Writers love to bounce. We enjoy hopping throughout different lifestyles to find which ones are worth keeping around and which ones are worth moving on from. Example, I was into the innate reasoning behind fetishism as according Freud a few weeks ago. That one didn’t stick for very long, but did influence one of my classroom discussion board posts. Sorry to all of those that read my post that week. Also example, Last winter I decided to pursue that tiny voice in my head that was always wanting to try acting. That one stuck. I took some acting classes at my University and noticed something peculiar…I looked forward to school and I was…happy.
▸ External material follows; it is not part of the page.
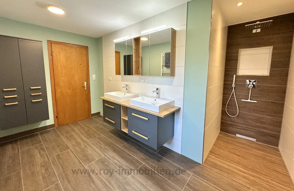 Es verfügt über eine bodentiefe Dusche, Handtuchtrockner, Doppelwaschtisch und WC. Bodenfliesen in Holzoptik, warme Farben und moderne Badmöbel sorgen für eine angenehme Wohlfühlatmosphäre.

Here’s the thing about writers: We always have this inner narrative monologue running. Kind of like a teleprompter, but it’s all improvised. We are trying to make sense of the world and constantly trying to put it in words. Acting took that away. I didn't realize how loud my own background noise was until I had to force it to shut up. I’ve been writing since I was 9, so this ambiguous and annoying voice has always been there, just like, reflecting on random thoughts. Do I sound like an absolute nutcase yet? Probably. Anyway, acting took this away and forced me to be present. I could no longer sit back and evaluate everything and search for that one misplaced tile’s metaphor about the meaning of life. I had to be there and I had to do something and say someone else’s words. Thank God. And yet, with all this being said, I need writing. I need to read and I need to evaluate everything. When I am not writing an annoying piece like this one, I’ll write some lyrics and set them to some badly executed power chords on my mid-priced Fender guitar. I need to write like I need to breathe. It’s like this relationship that is rocky, but you can’t give it up yet. Some days I abhor the thought of writing something down and some days I will document everything that happens—a phone call, they way someone said my name, how I felt about the way they said my name, if it was raining. The last one is usually a no because I live in the desert, but you get where I’m going.
What really frustrated me going into college was this idea that you had to pick one thing to love and then the next four years would be all about that one thing. “You can’t do it all” then I’d say, “Wanna bet?” Conclusion: Yes, you can in fact do whatever the hell you want to do. You may not be the Andy Warhol of everything you decide to do, but you can do it and you can try. I’ve always thought that I can only choose one thing and I would always have to decide between acting, writing, photography, and music. I don’t. I can do them all. If some sort of career-thingie comes from doing one then great, I’ll keep at it. If not, then great, now I’ll really keep at it! Don’t put yourself in a box, especially if even a tiny morsel of your being enjoys writing. Writers like to do it all. So, keep doing you cause who’s going to stop you? Just be sure whatever you do is morally just, for the sake of humanity.